### Exercise directions
Reproduce each record verbatim, images excluded.

Saved data entries
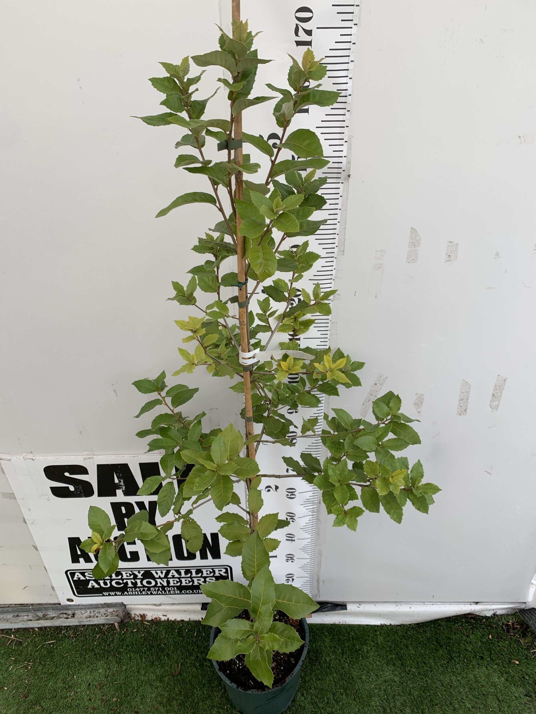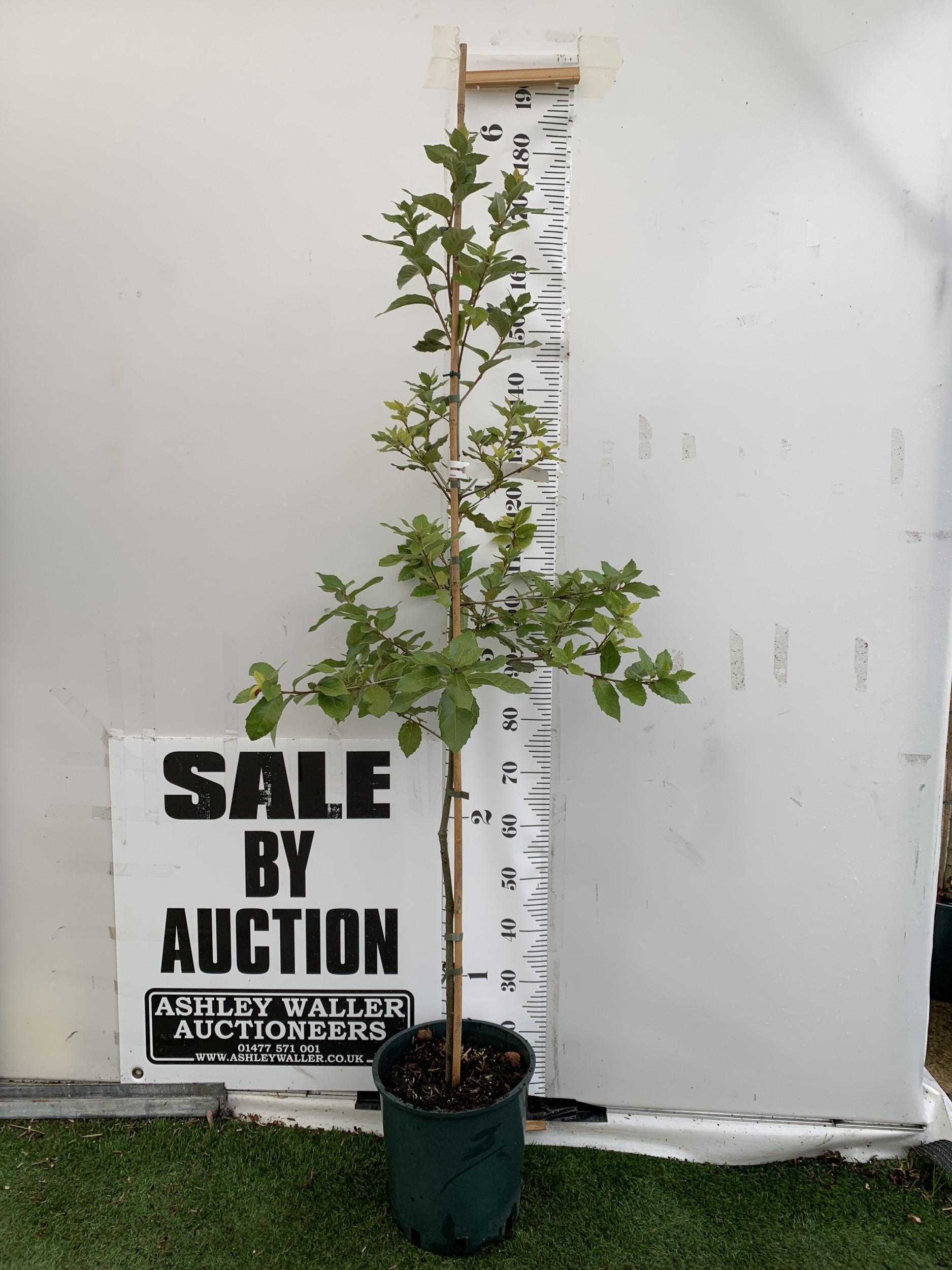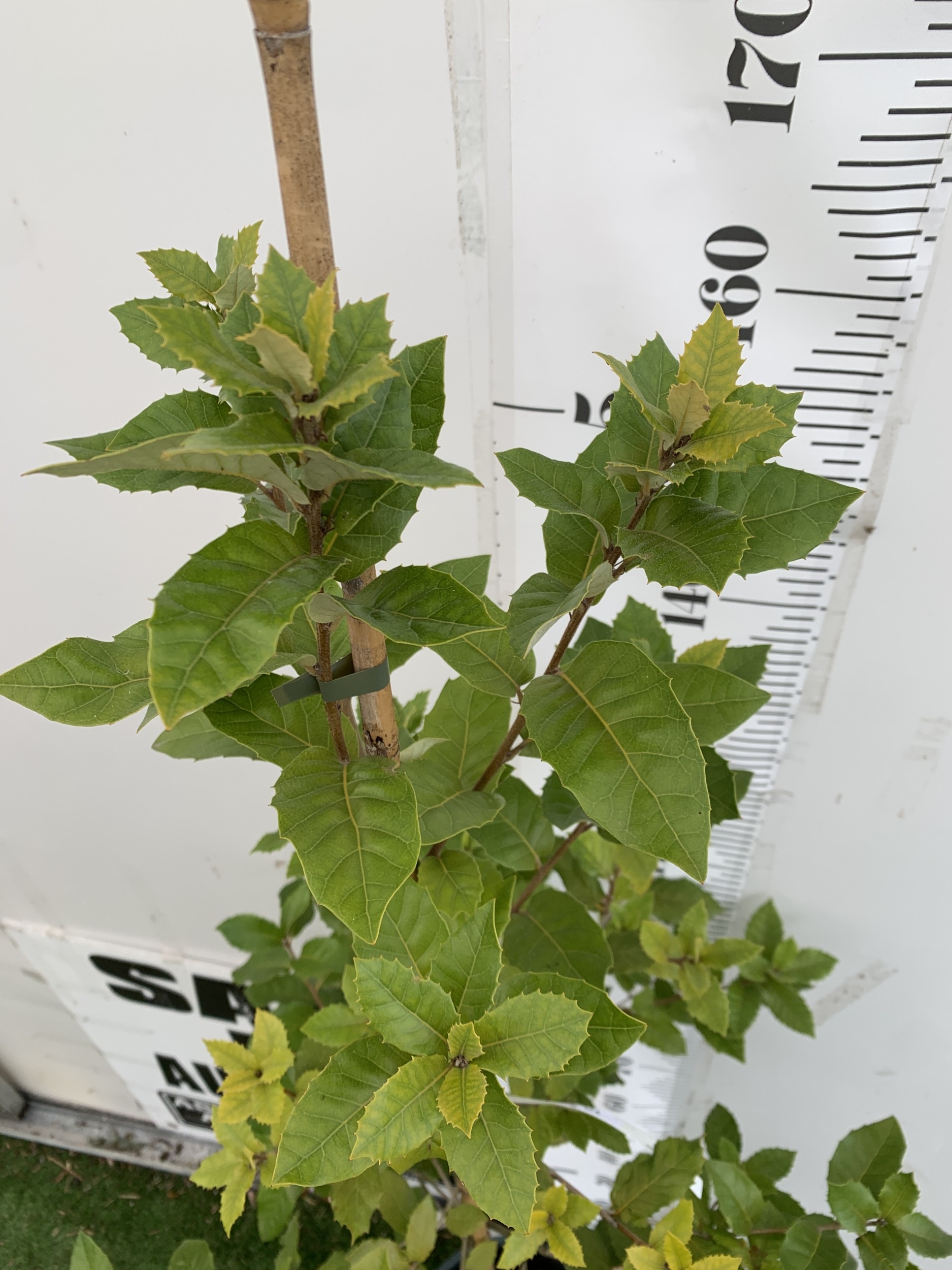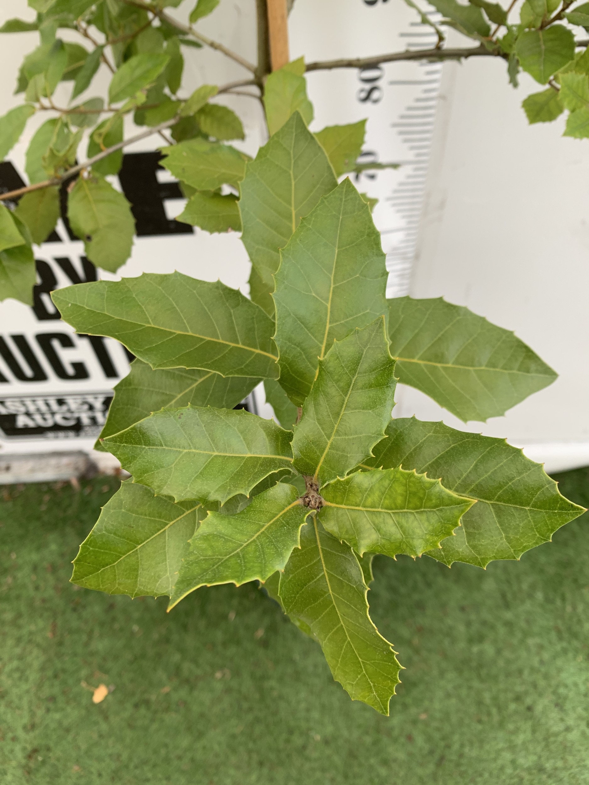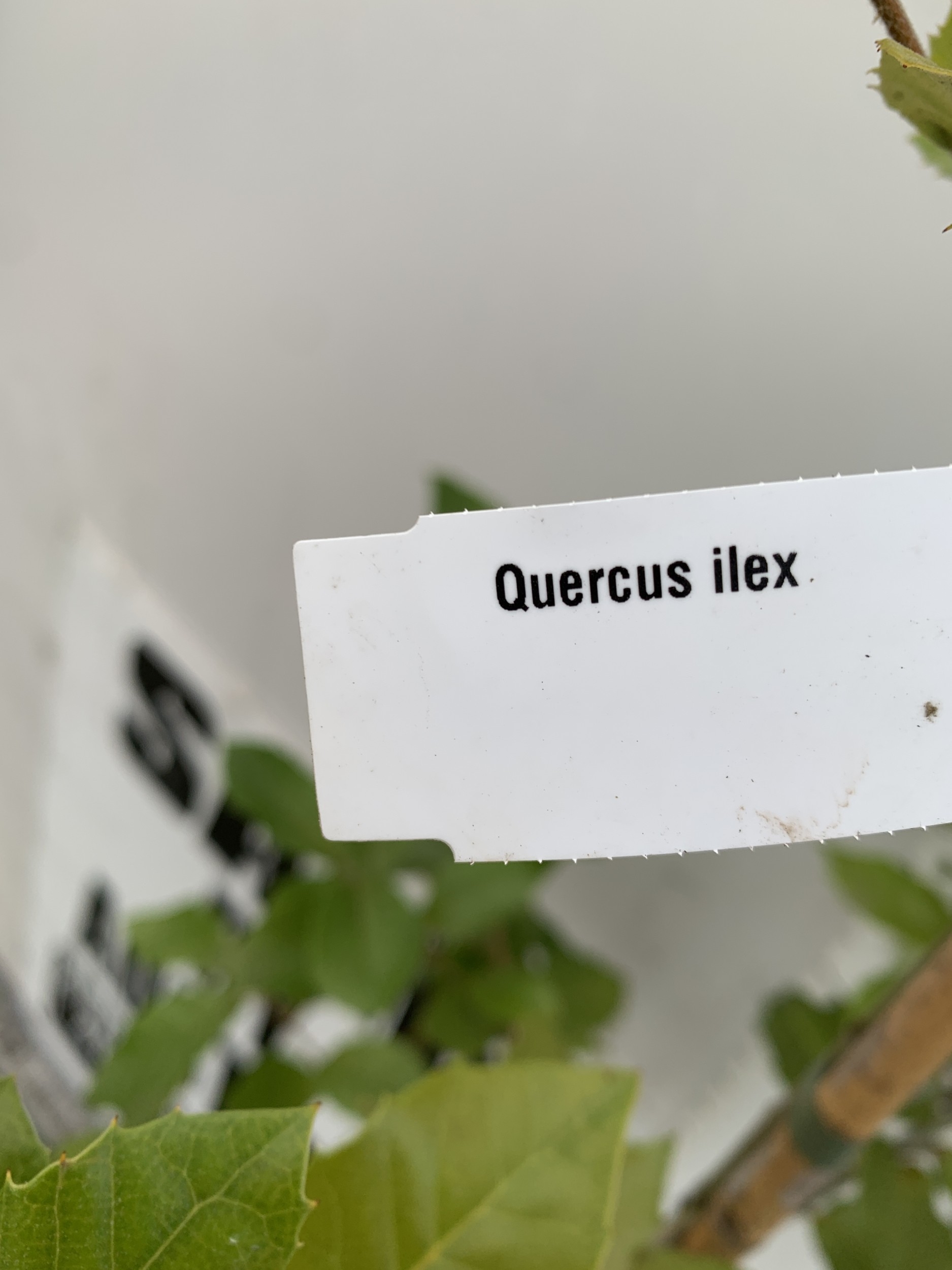 ONE QUERCUS ILEX EVERGREEN OR HOLM OAK IN A 12 LTR POT. LEAVES ARE GREEN WITH SILVER UNDERNEATH. YELLOW CATKINS IN JUNE GIVING RISE TO ACORNS. APPROX 180CM TALL
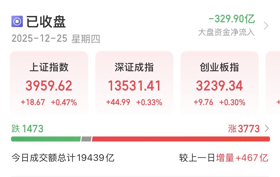 12月25日,A股三大指数集体小幅上扬,沪指日线七连阳。截至收盘,沪指涨0.47%,收报3959.62点;深证成指涨0.33%,收报13531.41点;创业板指涨0.30%,收报3239.34点。全市场全天成交额达到19439亿元,较昨日放量467亿元。上涨个股超3700只,涨停股93只。
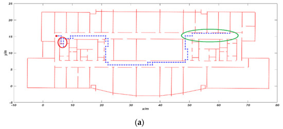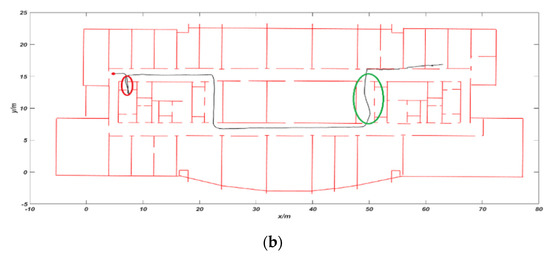 The first and second experiments were performed on the ninth floor of Science Building at Beijing University of Technology. The tester is a woman with a height of 1.63 m. She started from the red dot position, walked around the trajectory as shown in the Figure 7a, and eventually returned to the starting position. The average walking speed is 0.8 m/s. In Figure 7b, the black trajectory is the positioning trajectory of VIO. The red circle area is to enter the room. It can be seen that the trajectory of VIO is accurate at first, but the positioning accuracy of the green circle in the figure starts to decrease. After that, the pedestrian trajectory showed the serious phenomenon of passing through the wall. The main reason for the failure in positioning is that the surrounding environment of the aisle here is dominated by white walls and lacks visual valid texture information. The total distance of the experiment is 156 m, the mismatch rate reached 12.8%, and the cumulative error reached 4.26 m. The cumulative error is the Euclidean distance between the preset end point and the actual end point. The mismatch rate is the ratio between the mismatched state point and the actual total matched state point in the whole walking process. The blue trajectory in the Figure 7c is the VIO trajectory after using CRF feedback. The mismatch rate was reduced to 2.3% and the cumulative error was reduced to 0.61 m. The modified trajectory is more consistent with the indoor movement of pedestrians and basically corrects the phenomenon of the trajectory passing through the wall.
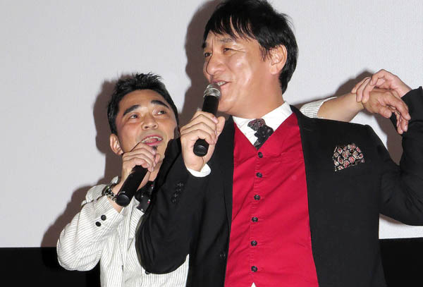 映画「DENKI GROOVE THE MOVIE?」で舞台挨拶するピエール瀧(右)と盟友の石野卓球/(C)日刊ゲンダイ
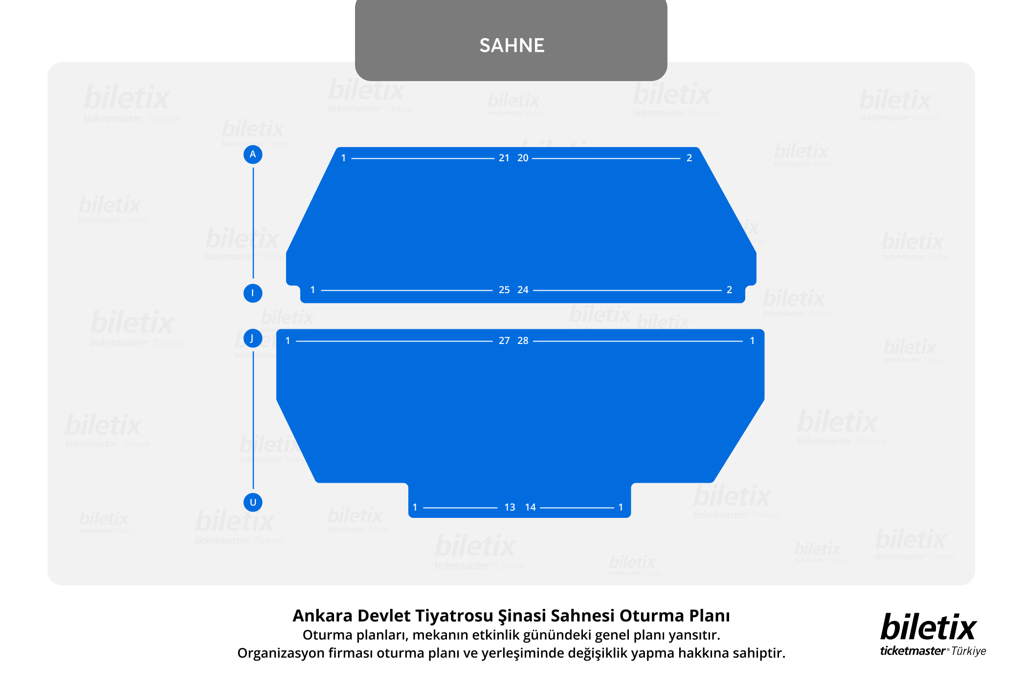 Tek kişilik koltuklar boş bırakılırsa, Biletix koltuklarınızı değiştirme hakkını saklı tutar.

### Problem solution
 ONE QUERCUS ILEX EVERGREEN OR HOLM OAK IN A 12 LTR POT. LEAVES ARE GREEN WITH SILVER UNDERNEATH. YELLOW CATKINS IN JUNE GIVING RISE TO ACORNS. APPROX 180CM TALL
 12月25日,A股三大指数集体小幅上扬,沪指日线七连阳。截至收盘,沪指涨0.47%,收报3959.62点;深证成指涨0.33%,收报13531.41点;创业板指涨0.30%,收报3239.34点。全市场全天成交额达到19439亿元,较昨日放量467亿元。上涨个股超3700只,涨停股93只。
 The first and second experiments were performed on the ninth floor of Science Building at Beijing University of Technology. The tester is a woman with a height of 1.63 m. She started from the red dot position, walked around the trajectory as shown in the Figure 7a, and eventually returned to the starting position. The average walking speed is 0.8 m/s. In Figure 7b, the black trajectory is the positioning trajectory of VIO. The red circle area is to enter the room. It can be seen that the trajectory of VIO is accurate at first, but the positioning accuracy of the green circle in the figure starts to decrease. After that, the pedestrian trajectory showed the serious phenomenon of passing through the wall. The main reason for the failure in positioning is that the surrounding environment of the aisle here is dominated by white walls and lacks visual valid texture information. The total distance of the experiment is 156 m, the mismatch rate reached 12.8%, and the cumulative error reached 4.26 m. The cumulative error is the Euclidean distance between the preset end point and the actual end point. The mismatch rate is the ratio between the mismatched state point and the actual total matched state point in the whole walking process. The blue trajectory in the Figure 7c is the VIO trajectory after using CRF feedback. The mismatch rate was reduced to 2.3% and the cumulative error was reduced to 0.61 m. The modified trajectory is more consistent with the indoor movement of pedestrians and basically corrects the phenomenon of the trajectory passing through the wall.
 映画「DENKI GROOVE THE MOVIE?」で舞台挨拶するピエール瀧(右)と盟友の石野卓球/(C)日刊ゲンダイ
 Tek kişilik koltuklar boş bırakılırsa, Biletix koltuklarınızı değiştirme hakkını saklı tutar.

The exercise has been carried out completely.